When I found the approximate site I was looking for, I parked at the side of the road and got out. I’d passed a few other vehicles on my journey through the cemetery, and even one or two people on foot, but when I looked around, there was no one within sight. No one who was going to give me any problem, anyway. The sun was beginning to sink in the west and was already well below the tops of the palm trees. I started to feel a chill in the air and grabbed my jacket from the backseat before I set off.

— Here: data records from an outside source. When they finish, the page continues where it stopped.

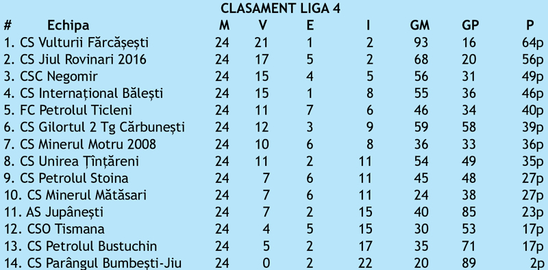 Vulturii Fărcășești este campioana Gorjului și va reprezenta județul la barajul pentru promovare în Liga a 3-a la fotbal. Trupa lui Costel Andriucă este câștigătoarea meritorie a competiției, cu două etape înainte de final. Deși au fost conduși la pauză, oaspeții au obținut succesul care le asigură definitiv primul loc pe terenul formației Petrolul Bustuchin. Un hat-trick al lui Ionuț Berescu și reușita lui Cătălin Rotaru au asigurat un succes concludent pentru vulturi. Antrenorul campioanei se aștepta la această performanță și a vorbit despre viitorul echipei. Angrenat și în fotbalul juvenil, Andriucă nu știe dacă următorul sezon îl va mai prinde la Fărcășești, o echipă cu fani pasionați și o conducere care i-a oferit sprijin. Până atunci, vulturii vor cupa județeană și se gândesc la duelul cu reprezentanta Mehedințiului.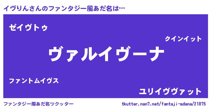 | 男性向けラノベタイトル風あだ名 | 『イヴりんに滅ぼされるだけの簡単なお仕事です』 |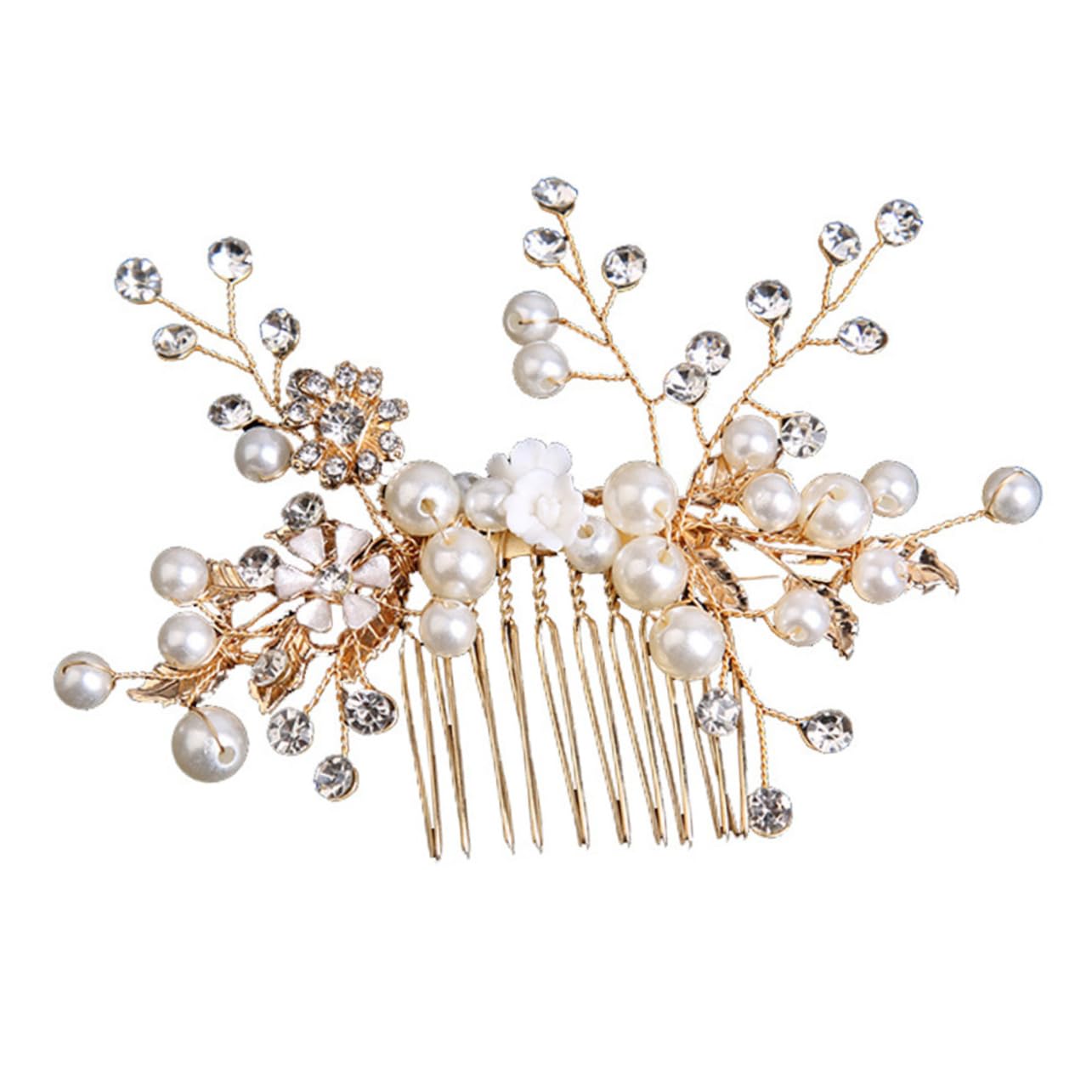 Package Include 1 x hair comb Features -Material:Alloy, pearl bridal hair accessories -Color:As Shown bride hair comb -Size:11.00X7.80X2.00cm/4.32X3.07X0 comb headband. - Use this pearl hair comb to highlight your appearance, make you look more charming and elegant bride hairpiece. - Classical in appearance, pearl hair comb is easy to match with other hair accessories and most hair colors pearl hair comb. - Our pearl hair comb shows your temperament and graceful, great choice for wedding, festival and other occasion wedding headpiece. - This hair comb headpiece can decoration and hold your bun hair tightly when you use in a right way flower girl headpieces for wedding. - This hair pin for hair bun is suitable for decorating different hairstyles, easily meet your needs wedding hair accessories. Goods Information bridal headpieces for wedding Elegant hair comb headpiece is made of pearls and alloy material and having the delicate detail decors, for bridal hairstyle decoration.pearl hair comb Unique pearls decorated design is chic, makes you more elegant and charming when wearing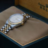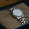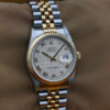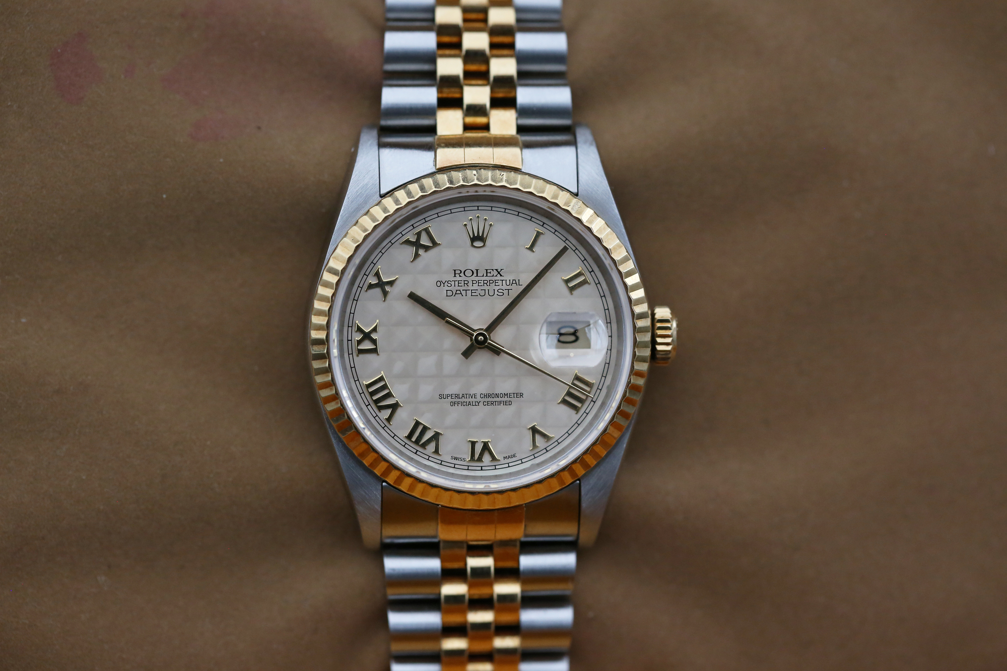 This watch is a beautiful combination of 18ct gold and oystersteel that features a stunning pyramid dial, roman numerals hour markers and a 18ct gold fluted bezel.

It took me another fifteen minutes to find the row I was looking for, but when I did, my eyes homed in on the specific plot. Dusk was advancing by now, and it was difficult to read the dedications on the stones from more than a few feet away, but one grave in particular caught my eye. I glanced around me again, saw nothing and nobody. I looked back down the hill toward the blue Chevy. It was a dark shade of blue, but somehow in the dusk it suddenly seemed bright, out of place among the dust and the stone. I felt a strong sense of unease and chalked it partly up to the fact I’d almost had my head blown off the last time I’d been in a graveyard.
I walked along the row and stopped at the tenth marker from the start. It was a granite headstone, of good quality. Certainly more impressive than anything that would have been provided for any of the original inhabitants of this part of the cemetery. I crouched down to read the inscription. Three different first names: David, Martha, and Terri. All with the same last name: Crozier. Three different dates of birth, all with the same date of death.